Measurements coverage is inherently much sparser than that provided by model output, but a few data points spread over a geographic region can help shed light on how well a model may be simulating major trends in variable distributions, and in turn, model distributions can provide context for measured values. In this notebook we’ll plot \(\varepsilon\)Nd data from a compilation by Poppelmeier et al, 2021 on top of \(\varepsilon\)Nd spatial distributions produced as part of the C-iTRACE simulation.
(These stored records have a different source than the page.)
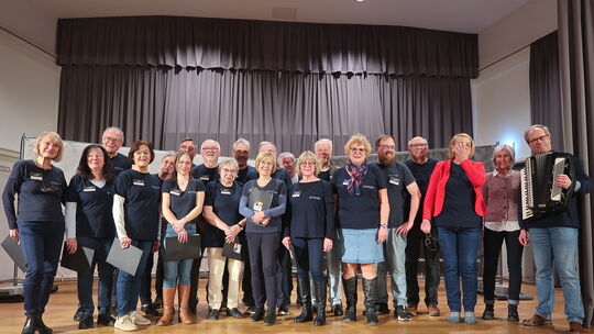 Das Museums Aktivteam um seine Chefin Anke Wiechert als Museumschor unter der Leitung von Bernd Wagner und seiner Begleitung am Akkordeon Wilhelm Meyer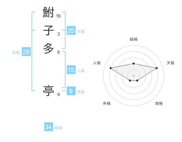 鮒子多 亭さんの総格は34画の2点!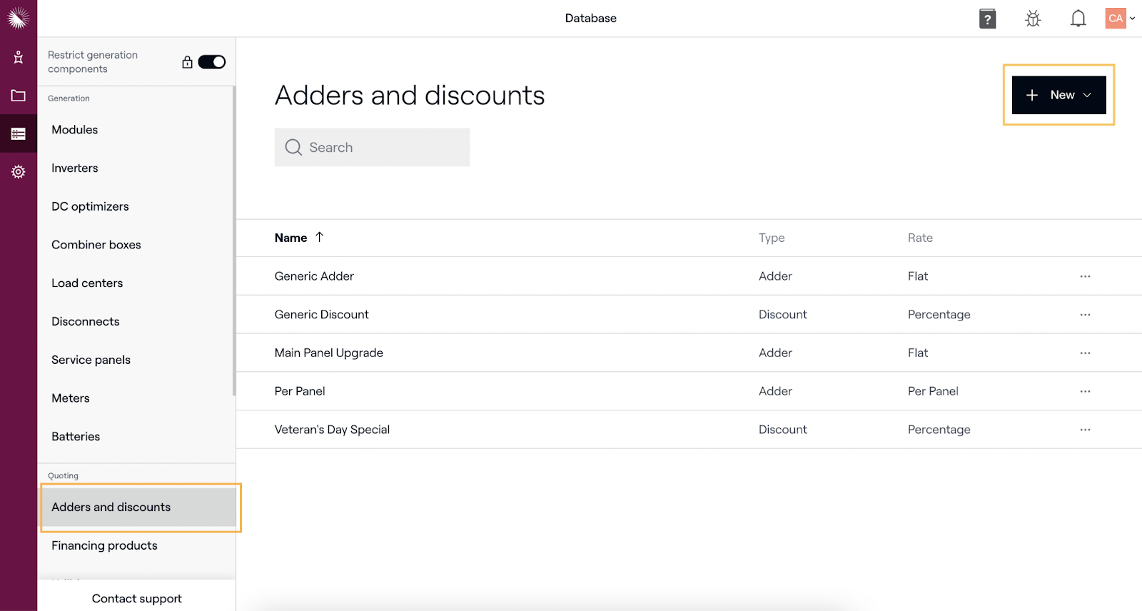 Les suppléments et remises sont des éléments de ligne qui modifient le prix final de votre système, indépendamment des incitations locales, étatiques et fédérales.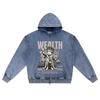 DTG print Knitted Denim Zip-Up Hoodie Money King Brother Print Zipper Hoodies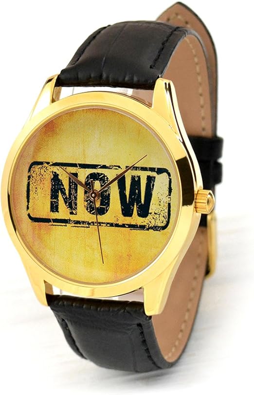 Amazon Com Gold Case Now Watch Unisex Wrist Watch That Says Now Birthday Gifts Cool Gift Ideas Black Watches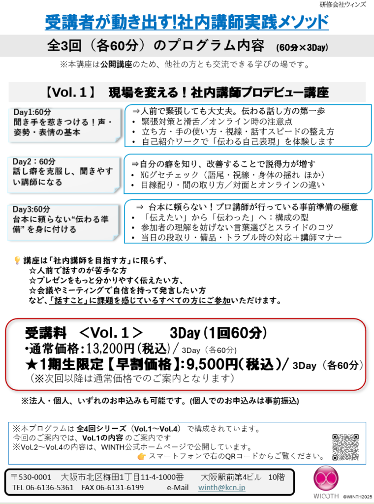 winth@kcn.jp 宛に「社内講師講座申込希望」とご記入のうえお送りください。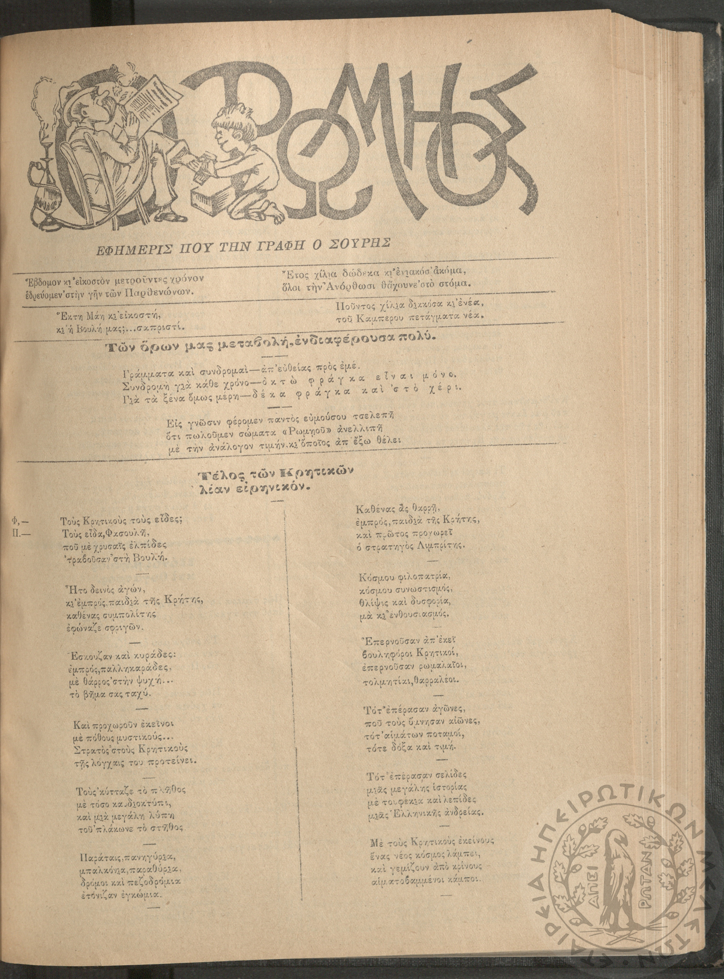 Ο Ρωμηός: Εφημερίς που την γράφει ο Σουρής, 1912, φ. 1209

At the end of this notebook, we’ll take a brief look at whether the value measured in sediments at a particular latitude-longitude is unique to that location in the water column what that might say about the the local watermass geometry.

Imports#

%load_ext autoreload
%autoreload 2

import intake
import numpy as np
import xarray as xr
import os
import pandas as pd

import cftime

import matplotlib.pyplot as plt
import matplotlib as mpl
from matplotlib import cm
import matplotlib.gridspec as gridspec
from matplotlib.ticker import FormatStrFormatter

import cartopy
import cartopy.crs as ccrs
import cartopy.feature as cfeature
import cartopy.util as cutil

from pathlib import Path

import sys
module_path = str(Path(os.getcwd()).parent.parent/'support_functions') 
if module_path not in sys.path:
    sys.path.append(module_path)

import data_processing as dp
import plotting_helpers as ph 

lat_u = r'$^{\circ}$N'
lon_u = r'$^{\circ}$E'
depth_u = 'm'
time_u = 'ky BP'
eNd_label = r'$\varepsilon$Nd'

Load Data#

C-iTRACE#

We’ll start by loading some model output of neodymium isotopes from C-iTRACE, calculating \(\varepsilon\)Nd and selecting a slice to work with.

import fsspec

url = 'https://g-f750ca.a78b8.36fe.data.globus.org/C-iTRACE/ctrace.decadal.ND143.zarr'
mapper = fsspec.get_mapper(url)
ds = xr.open_zarr(mapper)

url = 'https://g-f750ca.a78b8.36fe.data.globus.org/C-iTRACE/ctrace.decadal.ND144.zarr'
ds = ds.merge(xr.open_zarr(fsspec.get_mapper(url)))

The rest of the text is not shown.